As shown in Figure 4, we evaluate the ranker’s performance across different numbers of candidate responses (ranging from 1 to 100). We observe that performance generally improves as the number of candidates increases, but our method remains effective even with a small candidate set.

To balance effectiveness and efficiency, we set K = 10 as the default configuration for our main experiments. This setting achieves strong performance while keeping computational overhead low, making it suitable for practical deployment.

Dear Reviewer gdjF,

We apologize for the interruption and would like to kindly request your further discussion and guidance regarding our work.

In our response, we have provided detailed explanations to address your concerns. For example, we included a theoretical analysis highlighting the advantages of our recommender‑system‑inspired method, and we added further discussions and results covering additional decoding methods.

We sincerely thank you again for your thorough review and constructive feedback, and we very much hope to engage in further discussion with you.

Sincerely, The Authors

Dear Reviewer gdjF,

Thank you for your time and efforts for reviewing our paper.
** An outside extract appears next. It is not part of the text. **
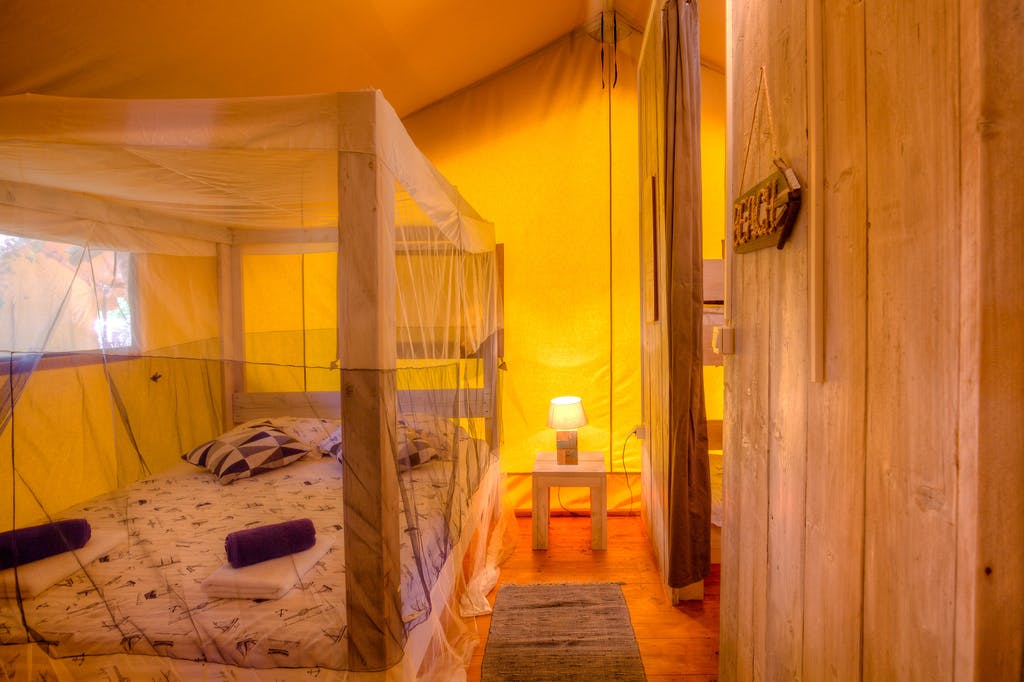 Šatori se nalaze u sjenovitoj borovoj šumi Bi-Villagea, samo nekoliko koraka od mora i imaju sve pogodnosti kampa (bazeni, restorani, trgovine, liječnička ordinacija, frizerski salon, bankomat, Wi-Fi).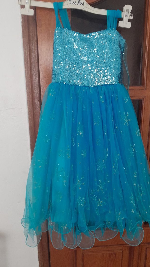 Mavi Simli Straplez Kız Elbisesi

We noticed that you have submitted the final justification, but it is not visible to us. We would like to kindly confirm whether our response has addressed your concerns. If you have any further concerns, we would be happy to address them.

Sincerely, The Authors

We sincerely appreciate your recognition of the novelty of our approach, as well as its strong empirical results and efficient design. The concerns raised—mainly regarding evaluation scope and generalizability, with some minor misunderstandings—are addressed below through additional experiments and clarifications.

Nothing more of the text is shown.